What is being asked:
Here is a listing, set out below; repeat its lines from the one with "The file includes" to the last, both included, and leave out the pictures.
*** Source material Section Begins ***
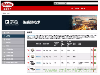 舉個例子, ADI三軸加速度傳感器ADXL355BEZ配套的評估板可以在Digi-Key的產(chǎn)品頁面中配用欄中找到匹配的評估板EVAL-ADXL355Z。也可以通過ADI加速度傳感器選擇與開發(fā)板選擇頁面中最后一欄中找到對應(yīng)的開發(fā)板。
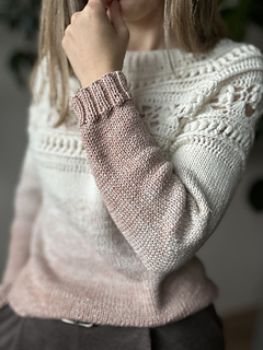 The file includes a chart (not written pattern) and instructions in both Polish and English. A short instruction for transitioning from the crocheted yoke to the knitted body and sleeves is also included.
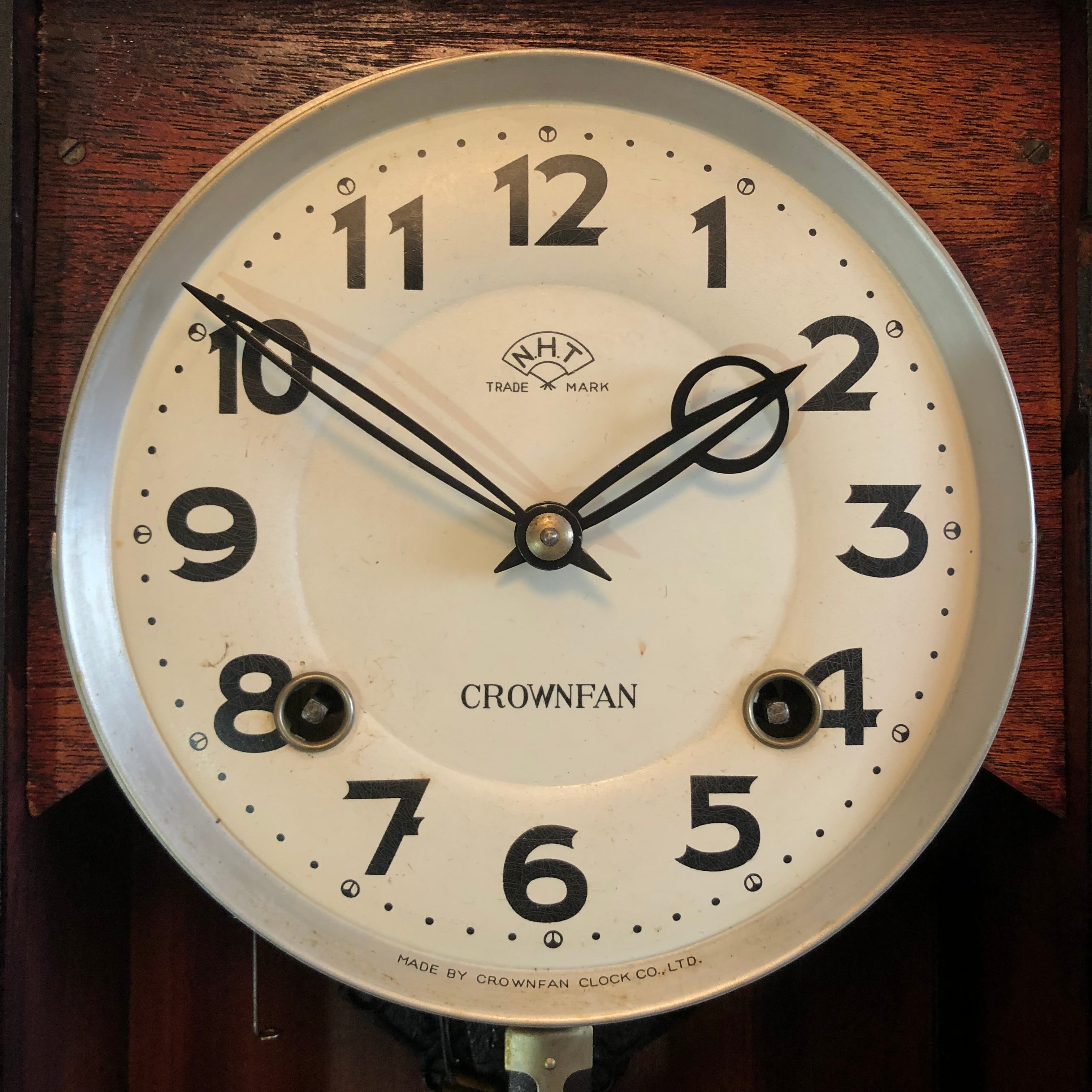 昭和レトロ 堀田時計製 クラウンファン 棒鈴ツートン宮型掛時計 オーバーホール済稼働品
*** Source material Section Ends ***
Result for this exercise:
 The file includes a chart (not written pattern) and instructions in both Polish and English. A short instruction for transitioning from the crocheted yoke to the knitted body and sleeves is also included.
 昭和レトロ 堀田時計製 クラウンファン 棒鈴ツートン宮型掛時計 オーバーホール済稼働品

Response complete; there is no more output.